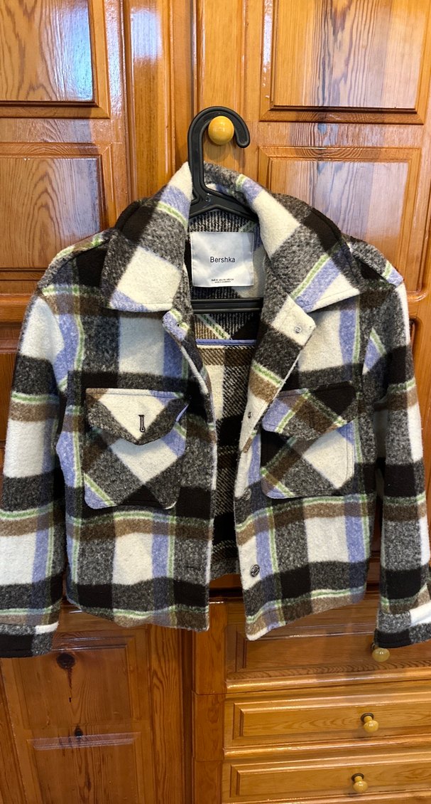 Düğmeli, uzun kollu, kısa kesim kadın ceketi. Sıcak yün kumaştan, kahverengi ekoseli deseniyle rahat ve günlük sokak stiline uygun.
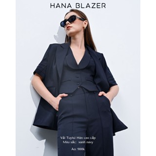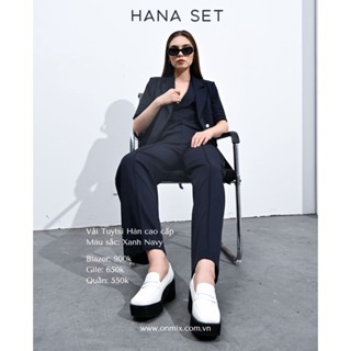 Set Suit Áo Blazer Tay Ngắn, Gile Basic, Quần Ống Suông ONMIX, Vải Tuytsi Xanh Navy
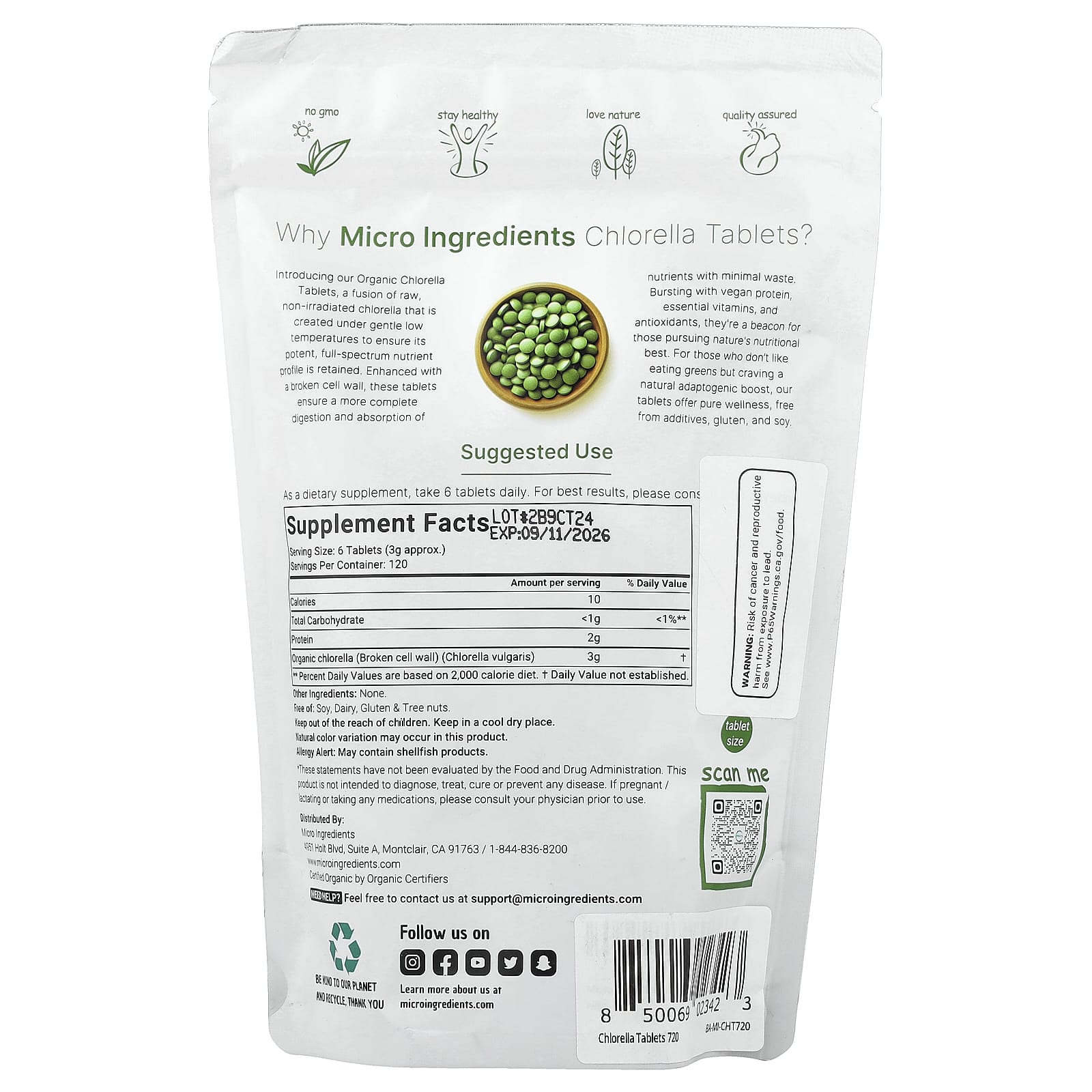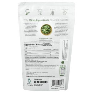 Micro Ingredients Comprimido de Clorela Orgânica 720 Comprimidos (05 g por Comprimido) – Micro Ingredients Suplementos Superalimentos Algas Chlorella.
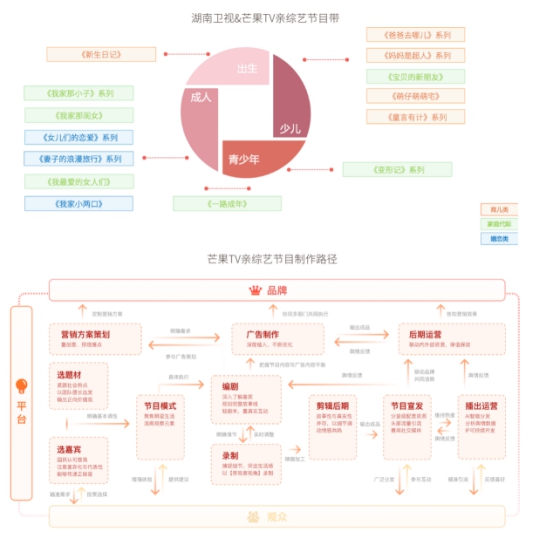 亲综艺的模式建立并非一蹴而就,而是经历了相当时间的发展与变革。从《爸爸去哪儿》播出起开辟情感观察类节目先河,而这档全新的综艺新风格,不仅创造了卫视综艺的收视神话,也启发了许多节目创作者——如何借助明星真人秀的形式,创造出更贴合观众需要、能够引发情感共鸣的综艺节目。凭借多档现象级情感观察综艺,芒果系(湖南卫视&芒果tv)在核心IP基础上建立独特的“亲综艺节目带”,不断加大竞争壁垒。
----
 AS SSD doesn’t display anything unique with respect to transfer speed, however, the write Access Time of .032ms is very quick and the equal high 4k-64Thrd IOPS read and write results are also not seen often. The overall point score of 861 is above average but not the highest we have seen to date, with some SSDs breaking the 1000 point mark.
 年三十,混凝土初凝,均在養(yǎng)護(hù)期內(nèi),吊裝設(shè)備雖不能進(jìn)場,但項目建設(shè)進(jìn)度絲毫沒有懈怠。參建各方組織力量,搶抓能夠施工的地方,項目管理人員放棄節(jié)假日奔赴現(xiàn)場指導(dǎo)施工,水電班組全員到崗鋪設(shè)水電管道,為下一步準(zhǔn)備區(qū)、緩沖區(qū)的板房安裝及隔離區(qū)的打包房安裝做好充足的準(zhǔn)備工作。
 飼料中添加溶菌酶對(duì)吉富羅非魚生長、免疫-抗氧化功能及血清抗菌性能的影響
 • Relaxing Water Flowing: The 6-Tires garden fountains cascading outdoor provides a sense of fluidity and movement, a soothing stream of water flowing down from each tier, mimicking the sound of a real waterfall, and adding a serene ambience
----
- _About this exercise_
Look through the material above and print exactly the lines from the one containing "年三十,混凝土初凝,均在養(yǎng)護" to the one containing "a serene ambience", both included, and nothing more.

- _Problem solution_
 年三十,混凝土初凝,均在養(yǎng)護(hù)期內(nèi),吊裝設(shè)備雖不能進(jìn)場,但項目建設(shè)進(jìn)度絲毫沒有懈怠。參建各方組織力量,搶抓能夠施工的地方,項目管理人員放棄節(jié)假日奔赴現(xiàn)場指導(dǎo)施工,水電班組全員到崗鋪設(shè)水電管道,為下一步準(zhǔn)備區(qū)、緩沖區(qū)的板房安裝及隔離區(qū)的打包房安裝做好充足的準(zhǔn)備工作。
 飼料中添加溶菌酶對(duì)吉富羅非魚生長、免疫-抗氧化功能及血清抗菌性能的影響
 • Relaxing Water Flowing: The 6-Tires garden fountains cascading outdoor provides a sense of fluidity and movement, a soothing stream of water flowing down from each tier, mimicking the sound of a real waterfall, and adding a serene ambience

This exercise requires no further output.